[Material provided]

━━━━━━━━━━

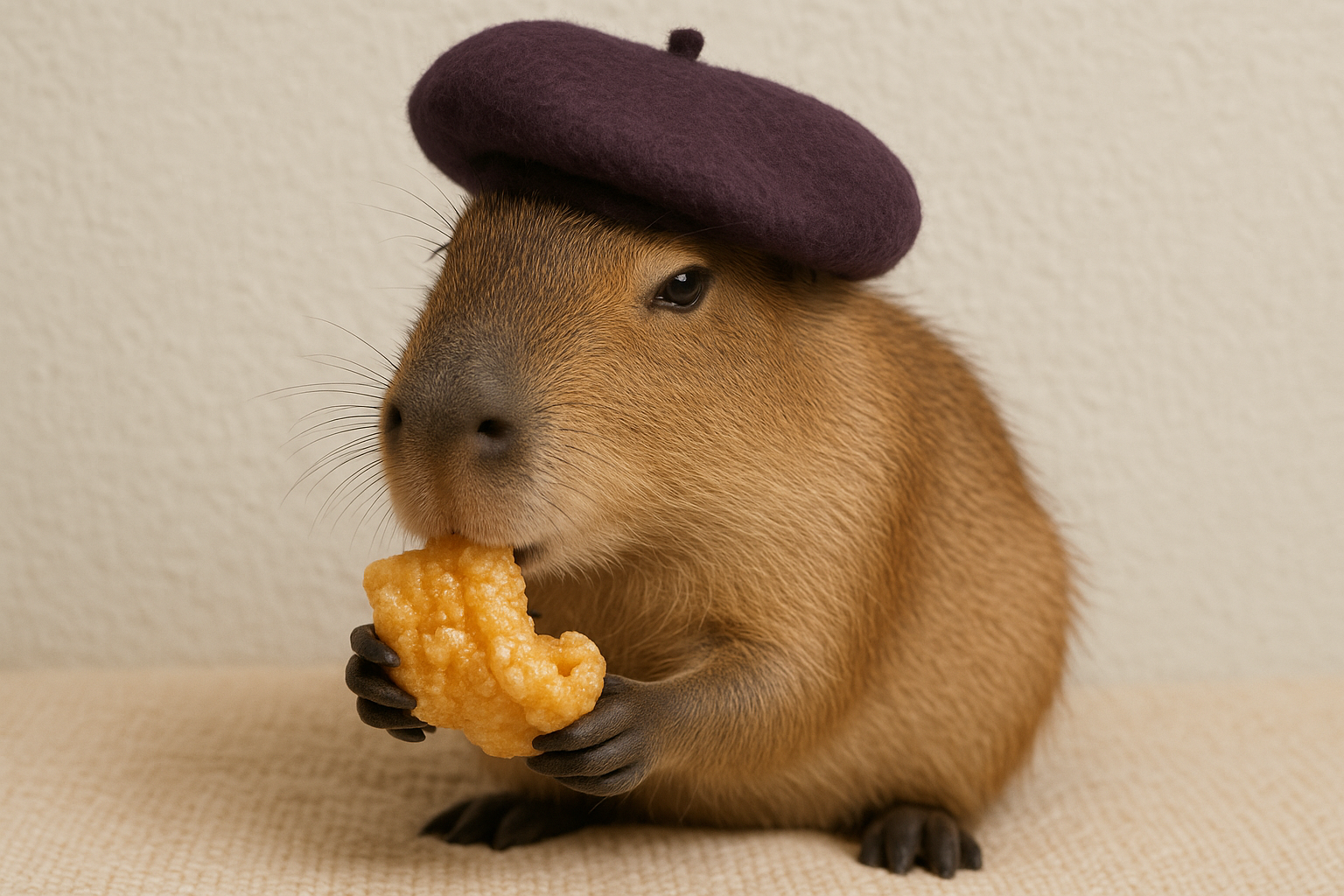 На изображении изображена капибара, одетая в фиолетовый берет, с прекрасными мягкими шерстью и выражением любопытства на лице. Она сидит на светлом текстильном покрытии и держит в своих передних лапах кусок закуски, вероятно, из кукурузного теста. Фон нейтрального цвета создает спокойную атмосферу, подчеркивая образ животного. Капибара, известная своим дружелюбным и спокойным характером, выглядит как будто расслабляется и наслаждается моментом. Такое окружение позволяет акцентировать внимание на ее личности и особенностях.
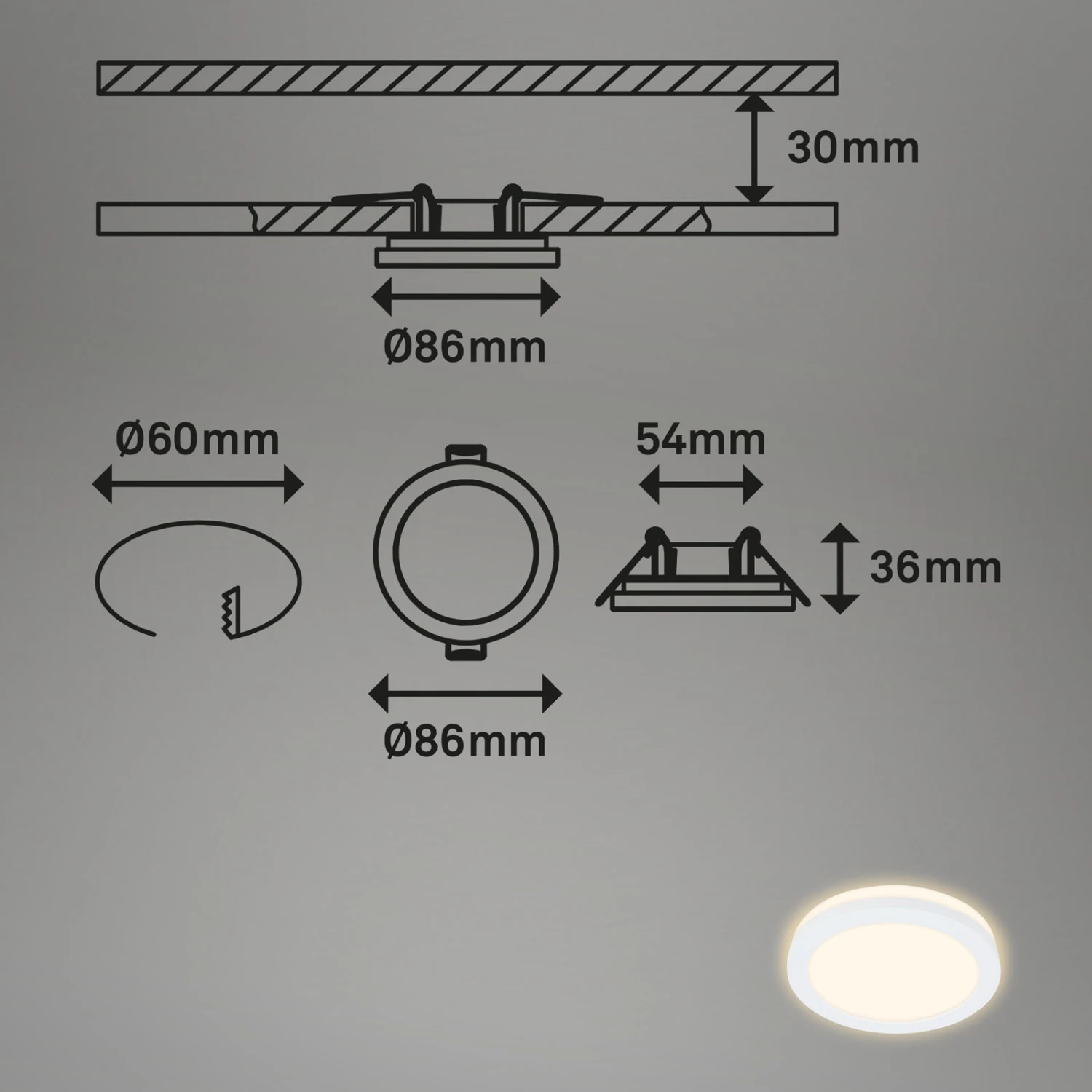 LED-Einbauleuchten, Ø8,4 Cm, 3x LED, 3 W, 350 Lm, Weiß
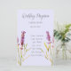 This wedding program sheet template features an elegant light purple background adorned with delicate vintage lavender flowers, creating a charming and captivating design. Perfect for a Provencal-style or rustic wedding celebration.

━━━━━━━━━━

[Task objective] Print the material again, unchanged, without its pictures.

[Written response]
 На изображении изображена капибара, одетая в фиолетовый берет, с прекрасными мягкими шерстью и выражением любопытства на лице. Она сидит на светлом текстильном покрытии и держит в своих передних лапах кусок закуски, вероятно, из кукурузного теста. Фон нейтрального цвета создает спокойную атмосферу, подчеркивая образ животного. Капибара, известная своим дружелюбным и спокойным характером, выглядит как будто расслабляется и наслаждается моментом. Такое окружение позволяет акцентировать внимание на ее личности и особенностях.
 LED-Einbauleuchten, Ø8,4 Cm, 3x LED, 3 W, 350 Lm, Weiß
 This wedding program sheet template features an elegant light purple background adorned with delicate vintage lavender flowers, creating a charming and captivating design. Perfect for a Provencal-style or rustic wedding celebration.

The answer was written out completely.